## DATA SEGMENT
────

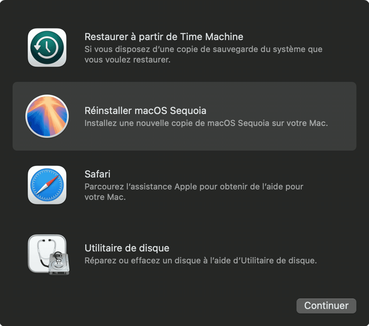 - Rendez-vous dans Utilitaires macOS > Réinstaller macOS > Continuer. Installez les applications dont vous aurez besoin.
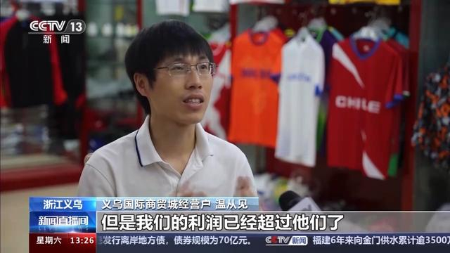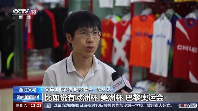 义乌国际商贸城经营户 温从见:今年因为是世界大赛年,比如说有欧洲杯、美洲杯、巴黎奥运会,差不多3月份开始,我们就已经着手开始接单、打样、生产这一系列的运动服饰。我们总共3个赛事下来销了30万件左右。
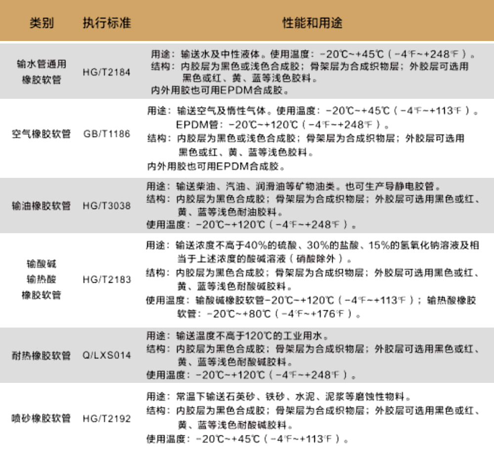 產(chǎn)品用途:各類(lèi)型夾布膠管是根據(jù)輸送介質(zhì)不同選用相應(yīng)材料制造。產(chǎn)品結(jié)構(gòu)設(shè)計(jì)合理、質(zhì)量?jī)?yōu)良、堅(jiān)固耐用,是一種用來(lái)各種液體粘流體和粉狀固體等物料介質(zhì)的柔性膠管。
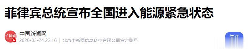 中国新闻网:菲律宾总统宣布全国进入能源紧急状态 2026-03-24

────

## GOAL OF THE EXERCISE
Would you output the listing above verbatim, without its pictures?

## EXERCISE SOLUTION
 - Rendez-vous dans Utilitaires macOS > Réinstaller macOS > Continuer. Installez les applications dont vous aurez besoin.
 义乌国际商贸城经营户 温从见:今年因为是世界大赛年,比如说有欧洲杯、美洲杯、巴黎奥运会,差不多3月份开始,我们就已经着手开始接单、打样、生产这一系列的运动服饰。我们总共3个赛事下来销了30万件左右。
 產(chǎn)品用途:各類(lèi)型夾布膠管是根據(jù)輸送介質(zhì)不同選用相應(yīng)材料制造。產(chǎn)品結(jié)構(gòu)設(shè)計(jì)合理、質(zhì)量?jī)?yōu)良、堅(jiān)固耐用,是一種用來(lái)各種液體粘流體和粉狀固體等物料介質(zhì)的柔性膠管。
 中国新闻网:菲律宾总统宣布全国进入能源紧急状态 2026-03-24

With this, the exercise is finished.